__EXERCISE BRIEF__. I would like every record reproduced exactly, with the pictures left out.

__RECORDS FOR THE TASK__.
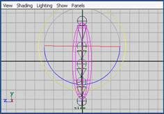 (1) 可建一個(gè)球體。執(zhí)行 create → nurbs primitives → shpere 命令,然后在通道框中設(shè)置 spans = 6 , scale y = 4 。
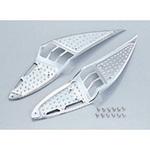 【特長】スポーツ走行やレース時の使用に最適な滑り止めフットレストです。特に切り返し等で安定した荷重移動を実現。ドレスアップにも最適です。○左右1SET。○装着用タッピングビス付属。○幅65mm/全長170mm。汎用。●ジョグ/-ZR,ライブディオ等ほとんどのスクーターに取り付け可能。
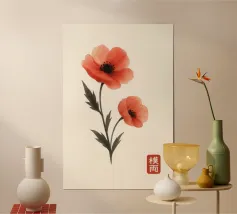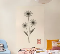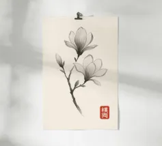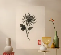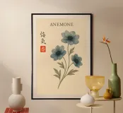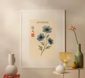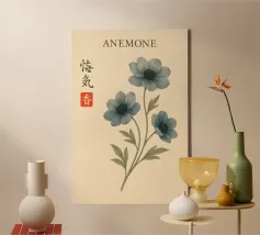 Morbidi fiori di anemone blu si dispiegano su esili steli su uno sfondo color crema, ogni petalo delineato da sottili linee botaniche e delicate ombreggiature ad acquerello. La calligrafia tradizionale scrive "ANEMONE" accanto a un sigillo vermiglio, fondendo l'accuratezza scientifica con un'arte senza tempo. Stampato su carta opaca di qualità museale, questo grazioso studio botanico arricchisce cucine, studi o pareti di gallerie illuminate dal sole, celebrando le delicate meraviglie della natura e conferendo una raffinata eleganza floreale a qualsiasi arredamento.
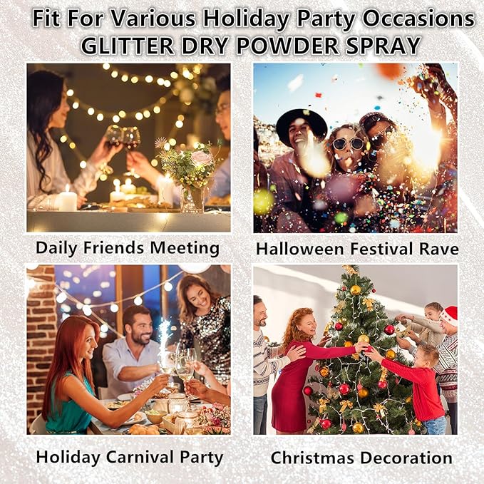 - 【Perfect for Party Festival Body Face Highlighter】Perfect for masquerade club, rave, festival, birthday.The stunning glitter makes you stand out in themed parties, masquerade and all kinds of festive carnival occasions, adding more charm and beauty to you. Glitter Powder Spray for Christmas Decorations and so on.
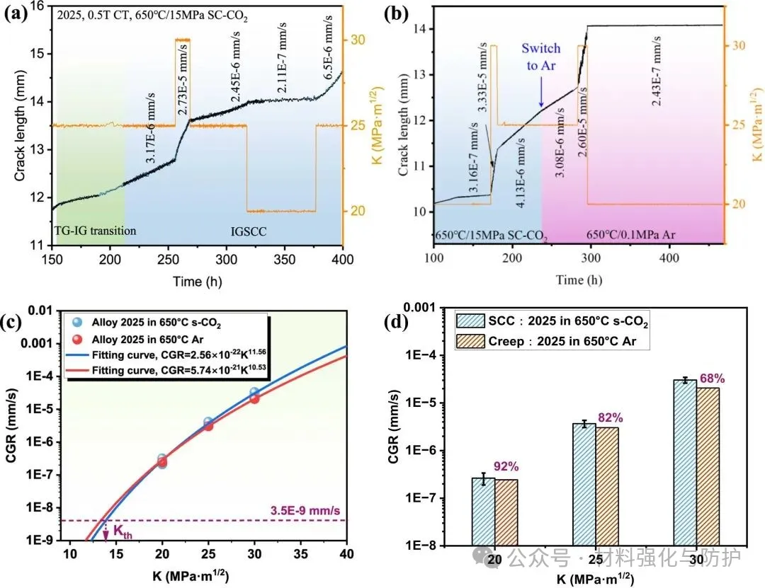 团队通过原位监测获得了在恒定应力强度因子条件下的裂纹扩展速率(CGR),发现CGR与强度因子K之间呈指数级的正相关,当K控制在13MPa√m以下时,可保证0.5mm的包壳在4.5年内的服役稳定性。此外,通过对比实验,Alloy 2025在Ar环境中的裂纹扩展速率要低于s-CO2环境,其中蠕变贡献占比在92%至68%区间内(与K呈负相关)。
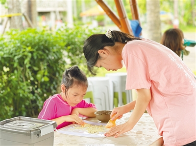 堆土搭窑,全家上阵烤起叫花鸡;描图染布,齐心协作制作一块“型糊染”手工;铺平粽叶,大手拉小手做一个家庭专属粽子……
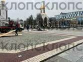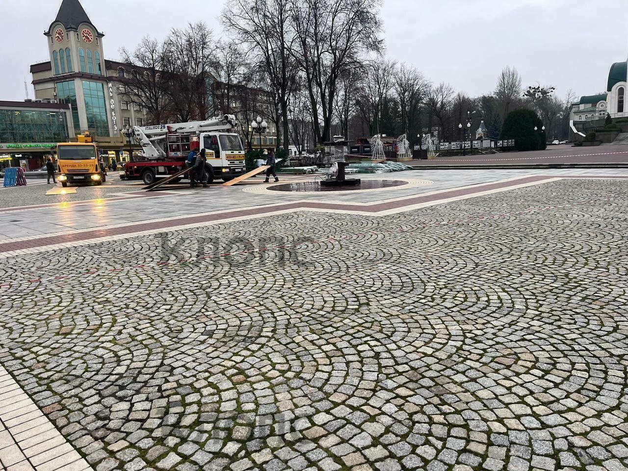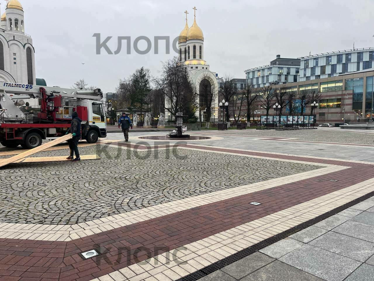 На площади уже установили металлическое основание будущей ёлки. Проход в центре частично перекрыт.
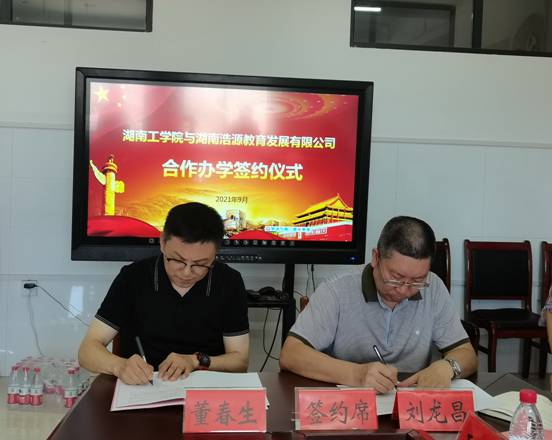 最后,在全体参会人员的见证下,刘龙昌副校长代表学校与湖南浩源教育发展有限公司签署了合作协议。

__FINAL ANSWER__.
 (1) 可建一個(gè)球體。執(zhí)行 create → nurbs primitives → shpere 命令,然后在通道框中設(shè)置 spans = 6 , scale y = 4 。
 【特長】スポーツ走行やレース時の使用に最適な滑り止めフットレストです。特に切り返し等で安定した荷重移動を実現。ドレスアップにも最適です。○左右1SET。○装着用タッピングビス付属。○幅65mm/全長170mm。汎用。●ジョグ/-ZR,ライブディオ等ほとんどのスクーターに取り付け可能。
 Morbidi fiori di anemone blu si dispiegano su esili steli su uno sfondo color crema, ogni petalo delineato da sottili linee botaniche e delicate ombreggiature ad acquerello. La calligrafia tradizionale scrive "ANEMONE" accanto a un sigillo vermiglio, fondendo l'accuratezza scientifica con un'arte senza tempo. Stampato su carta opaca di qualità museale, questo grazioso studio botanico arricchisce cucine, studi o pareti di gallerie illuminate dal sole, celebrando le delicate meraviglie della natura e conferendo una raffinata eleganza floreale a qualsiasi arredamento.
 - 【Perfect for Party Festival Body Face Highlighter】Perfect for masquerade club, rave, festival, birthday.The stunning glitter makes you stand out in themed parties, masquerade and all kinds of festive carnival occasions, adding more charm and beauty to you. Glitter Powder Spray for Christmas Decorations and so on.
 团队通过原位监测获得了在恒定应力强度因子条件下的裂纹扩展速率(CGR),发现CGR与强度因子K之间呈指数级的正相关,当K控制在13MPa√m以下时,可保证0.5mm的包壳在4.5年内的服役稳定性。此外,通过对比实验,Alloy 2025在Ar环境中的裂纹扩展速率要低于s-CO2环境,其中蠕变贡献占比在92%至68%区间内(与K呈负相关)。
 堆土搭窑,全家上阵烤起叫花鸡;描图染布,齐心协作制作一块“型糊染”手工;铺平粽叶,大手拉小手做一个家庭专属粽子……
 На площади уже установили металлическое основание будущей ёлки. Проход в центре частично перекрыт.
 最后,在全体参会人员的见证下,刘龙昌副校长代表学校与湖南浩源教育发展有限公司签署了合作协议。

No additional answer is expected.